Tuesday, February 17, 2009

A Response to a Letter


Here is a comment posted from a reader on a December 2 article I wrote:

Children need acknowledgment and encouragement, not praise. The type of praise that Alfie Kohn criticizes the most is the one used as a "positive reinforcement", e.g., praising good behavior to encourage a child to behave similarly in the future. In this case, the praise becomes a manipulation tool, the interaction between the adult and the child unauthentic, and the relationship between them suffers.

It is difficult for me to respect someone who demonstrates little respect for others. It's one thing to disagree with someone and quite another to insult them by name-calling. Perhaps, the author has not really tried to understand the theory and research behind Alfie Kohn's works.


Here is my response. I wrote this a long time ago. It was in response to Alfie Kohn's theory on praise:


There is a great debate among some adults about praising or rewarding children for good deeds. The early childhood classroom is supposed to be value free and reward free for the good of the child’s real self esteem.

The argument is: if we reward children for goodness, won’t that actually deprive them of the natural pleasure of knowing that they did something of value? Isn’t the knowledge that they did something good enough?


The argument continues to gain speed with the idea that adults who reward children are trying to manipulate the child and that adults are looking out more for their own convenience and material good than the child’s. I think the opposite is true, and I have good reason to believe it.


Having grown up in a house that never praised, never rewarded and counted all compliments and positives as emotional bullets, I can say from experience that the lack of appreciation, approval and praise from the adults who are supposed to rear and guide you was crippling and demoralizing. Growing up in the dark of support was about as painful as growing up diseased.


When other children received hugs and congratulations and even small presents and rewards for half or a fraction of my own achievements, and I received nothing, not a word, not a smile, not even a moment to treasure, not even on my birthday, my sense of fairness and loss taught me that I was not likable and therefore a social outcast doomed to loneliness and rejection for the rest of my life and it was my fault.


If those who are closest to me could not say, “Good job” then, as I reasoned, I must be a terrible person – certainly not worth fighting for, and certainly not missed if suddenly I should die – even by my own hand.


So what saved the child with pernicious thoughts of death? There were adults in my small life who did compliment me, teachers, neighbors and an occasional relative who secretly winked well enough that I began to believe that perhaps through the keyhole of my dark room there was some way out of believing that I should spend my life alone with visions of a cottage in a deep wood where the friendship of animals and plants became my haunting refuge filling my imaginary future.

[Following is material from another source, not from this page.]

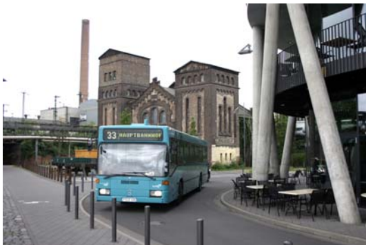
Vor wenigen Jahren neu eingerichtet wurde die Linie 33, die das Westhafenviertel mit dem Hauptbahnhof verbindet.

Das bereits mit der ersten Ausschreibung eingeführte Qualitätsmanagement dehnt traffiQ nun auch auf das vierte Linienbündel aus. Es basiert auf einer systematischen Überprüfung der Qualität des Busverkehrs anhand objektiver und subjektiver Kriterien. Dabei spielen die subjektiven, durch Fahrgastbefragungen ermittelten Aspekte eine besonders starke Rolle. Unterschreitet das

As a child, I brought letters home from teachers who praised me to the skies, and the letters were scorned and I was scorned, humiliated and punished for being praised. But still the truth of the letters existed, and in the mind of a child, choosing between those who are supposed to love you and a stranger’s momentary praise was too involved. It was confusing at best.


As a young adult, the lack of praise contributed to a perception that most other adults simply did not like me and would never like me. As a social outcast, I would rear my children alone and even suffer the humiliation that my husband really didn’t like me, and really was sorry he had married me.

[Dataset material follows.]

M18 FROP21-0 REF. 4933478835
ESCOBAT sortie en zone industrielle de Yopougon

As an older adult, those thoughts still trigger unbelievable pain and suffering. Through the love and support of the children I spend hours praising and rewarding, I have come to realize that life is too short not to express the love and affection in one’s heart, that life is a beautiful and wonderful adventure and each day should be filled with lots of praise and joy that is communicated from one person to another freely and spiritedly. Thoughts of manipulation are as far from my scope as China.


So when I am reminded that today there is a whole early childhood theory that wants to pull praise and rewards from children’s hands based on the idea that a child will intrinsically understand his own goodness and enjoy his untainted reward, I cringe.